FRESH from following in the footsteps of Elvis Presley, Johnny Cash and Dolly Parton in America’s capital of country music, Eloise Rees is back performing in her home city of Oxford.

The singer-songwriter is at Oxford’s Gathering Festival on Saturday after flying back from Nashville, Tennessee.

She was one of just three acts picked by BBC Introducing representing the UK at Nashvilles’s Americana Festival last month.

  • Listen to a live version of Escape From Static

BBC Introducing was set up in 2007 to help promote unsigned and undiscovered artists. They can upload their music to the website in the hope they are spotted by the BBC or other industry experts.

The 22-year-old contemporary-folk artist said: “Playing the festival was a dream come true, I’ve wanted to go since I was 14 but never thought I would make there as an act.

“We played the Hard Rock Café where so many legendary acts had played and we were truly thrilled to step in their footsteps.

“It is nice to be back though. I began by playing to audiences in Oxford so it feels much more like home.

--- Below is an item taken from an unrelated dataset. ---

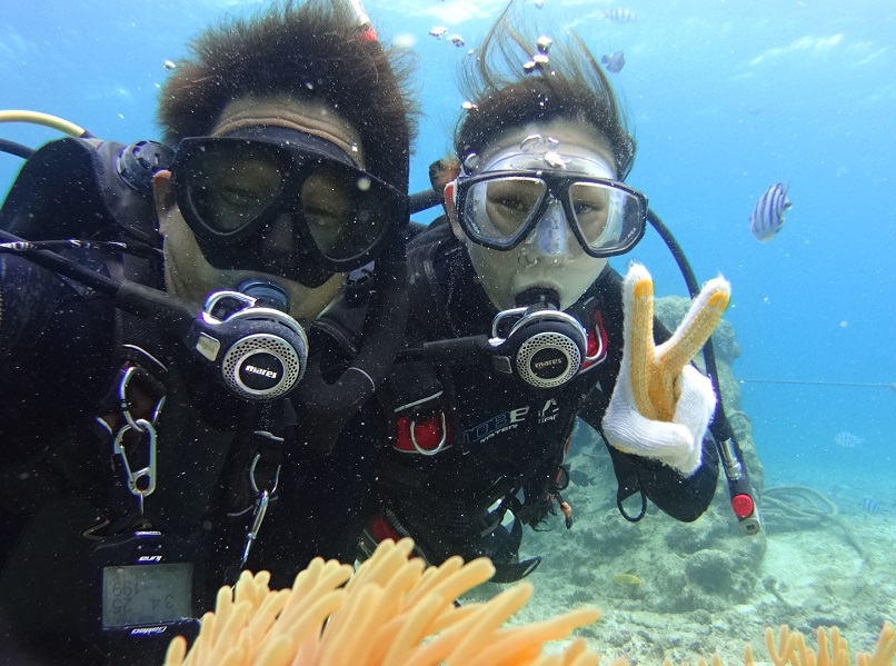 ダイビングライセンスなしでも参加できる「体験ダイビング」は、インストラクター引率の元、3〜5メートルまでの海を潜ることができるアクティビティーです - 泳げなくても大丈夫

The Oxford music venues have a great atmosphere, the crowds are so welcoming.”

The former King Alfred’s schoolgirl, from Wantage, is at Truck Store in Cowley Road performing at 4pm on Saturday and The Jericho Tavern next Thursday.

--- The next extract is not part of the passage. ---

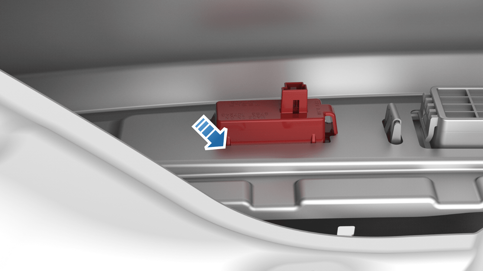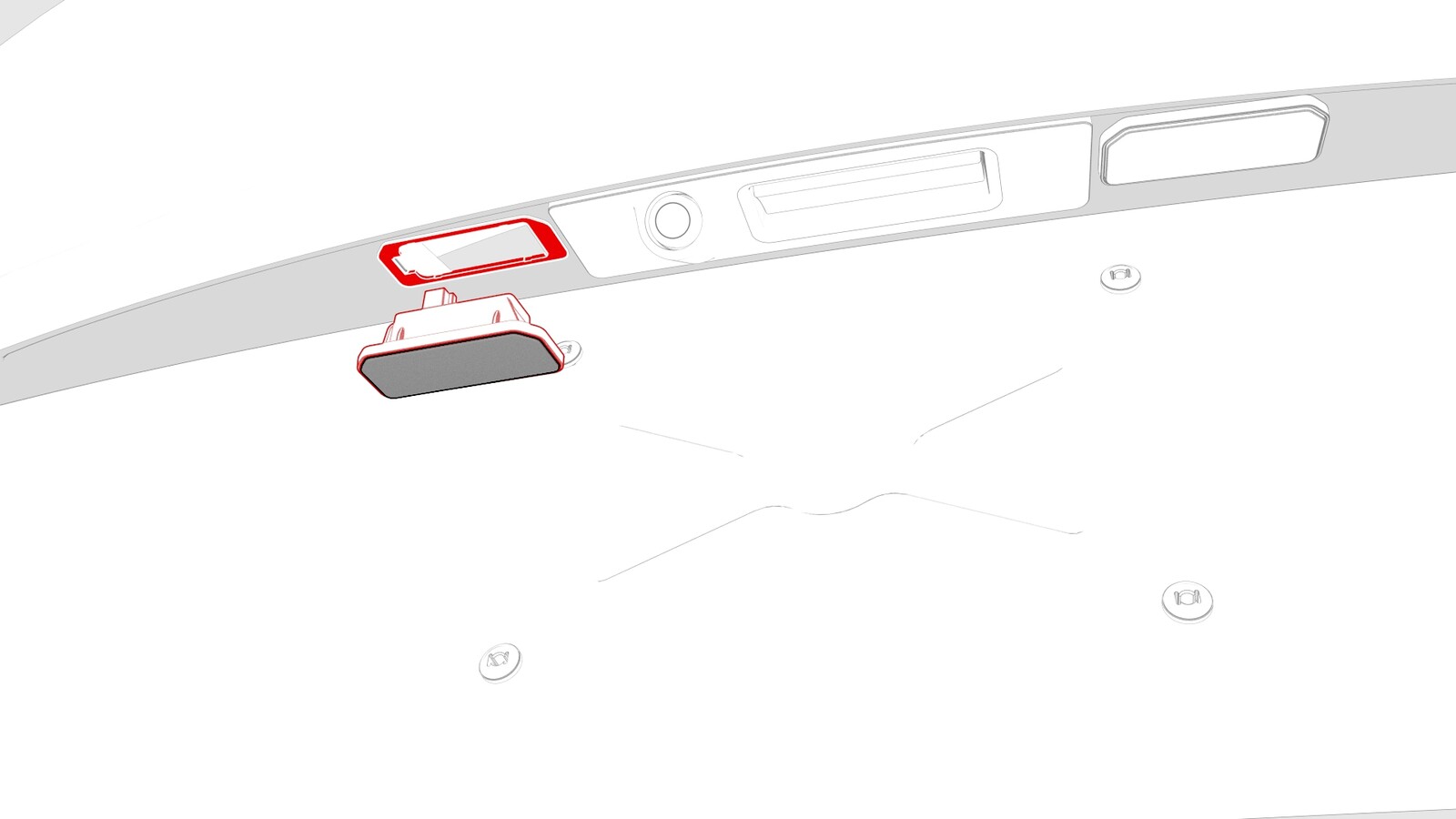 - 将车牌灯向车辆右侧推以压下夹子,然后压下车牌灯另一侧的夹子以将其拆下。

She is also back in her South Oxfordshire recording studio working on her next new EP.

Gathering Festival organiser Isla Miskelly said: “It’s good to have her here. We are really supportive of local talent so her success is brilliant news.”

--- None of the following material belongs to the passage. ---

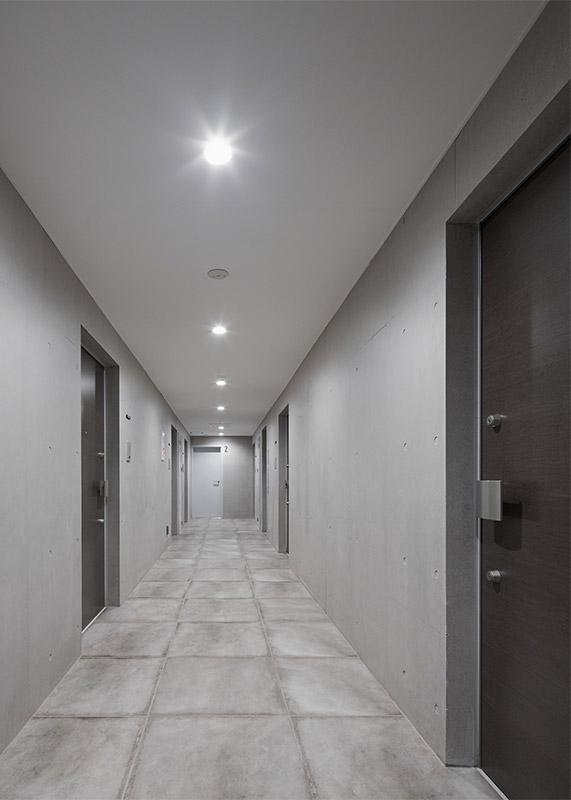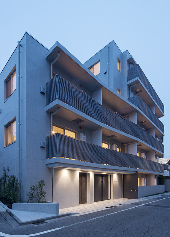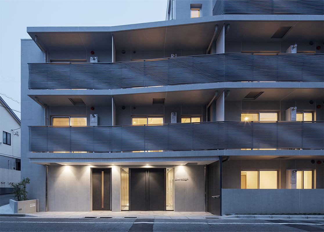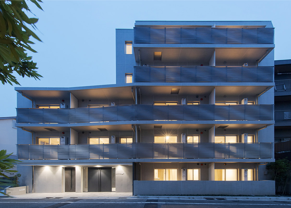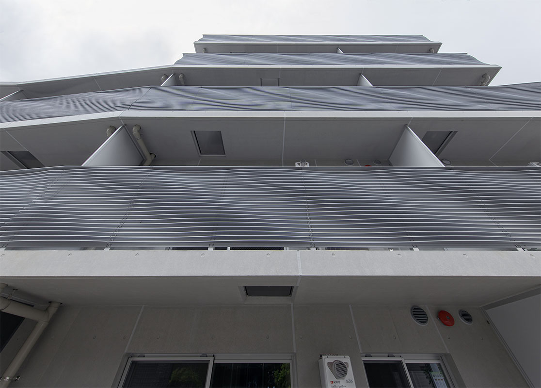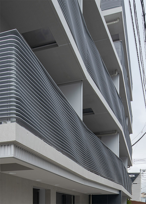 グランデュオ上野毛4は、コンクリートの建物に、金属板を積層させゆるやかに弧を描くように構成した手摺を取り付けることで、流れるような動きのある表情を創り出しています。その堅牢な佇まいは、見る角度や光の陰影によって変化するように設計しています。

Miss Rees was picked by BBC Introducing for the annual Americana music festival, hosted by BBC Radio 2 presenter “Whispering” Bob Harris, known for hosting BBC2’s The Old Grey Whistle Test in the ’70s and ’80s.

Mr Harris, from Steventon, said: “Eloise was really nervous but she did brilliantly. It was only later I discovered she is actually very close to us here in Oxfordshire.”

Miss Rees added: “I was definitely the minnow in a pond of big fish, but the big fish were a shoal of kind, talented, benevolent inclusive big fish, whose support and warmth I will never forget.”